Items listed in a dataset:
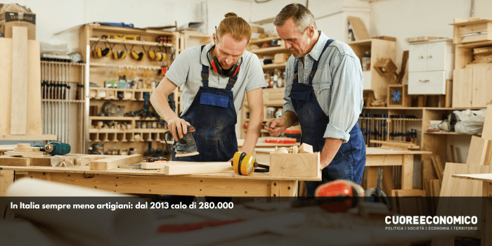 Cresce il lavoro dipendente ma diminuisce quello degli artigiani: tra il 2013 e il 2022 gli artigiani sono diminuiti di quasi 280.000 unità (-15,24%), un numero che supera gli abitanti della città di Venezia, per attestarsi poco sopra quota 1,54 milioni.
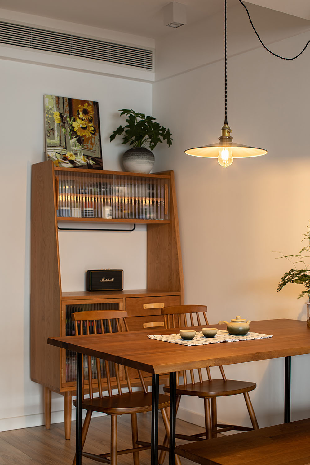 圍繞著寧靜舒適作為整個設計的中心思想,主臥采用了具有寧靜力量的孔雀藍為主色調搭配木材質,讓屋主休憩時,能體會到身體自在舒適以及彌漫在周圍的無聲的溫暖。
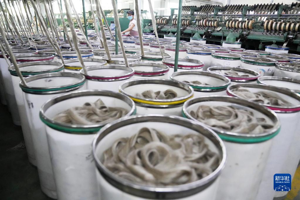 這是8月4日在穆棱經(jīng)濟開(kāi)發(fā)區黑龍江紅豆杉亞麻紡織有限公司車(chē)間拍攝的生產(chǎn)場(chǎng)景。
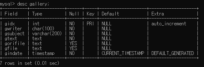 sql = "insert into gallery (gidx,gwriter,gsubject,gtext,gindate)"
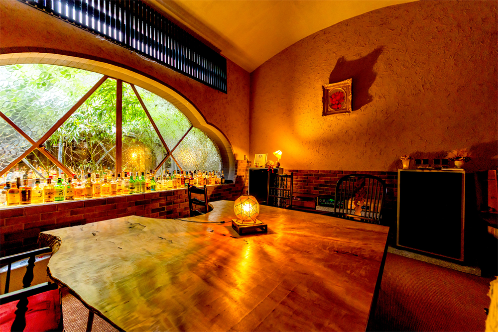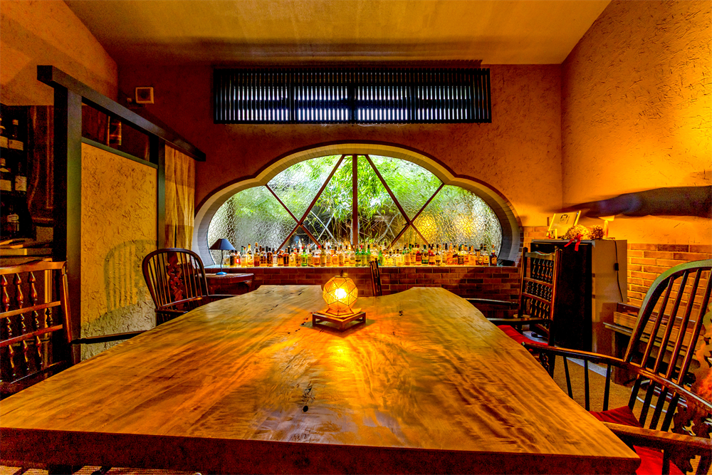 バーの中央には樹齢500年の栃の木のテーブル

▶ [TASK TO COMPLETE]: Copy exactly the lines from the one containing "這是8月4日在穆棱經(jīn" to the end of the records, both included, and leave the pictures out.

▶ [OUTPUT OF THE EXERCISE]:
 這是8月4日在穆棱經(jīng)濟開(kāi)發(fā)區黑龍江紅豆杉亞麻紡織有限公司車(chē)間拍攝的生產(chǎn)場(chǎng)景。
 sql = "insert into gallery (gidx,gwriter,gsubject,gtext,gindate)"
 バーの中央には樹齢500年の栃の木のテーブル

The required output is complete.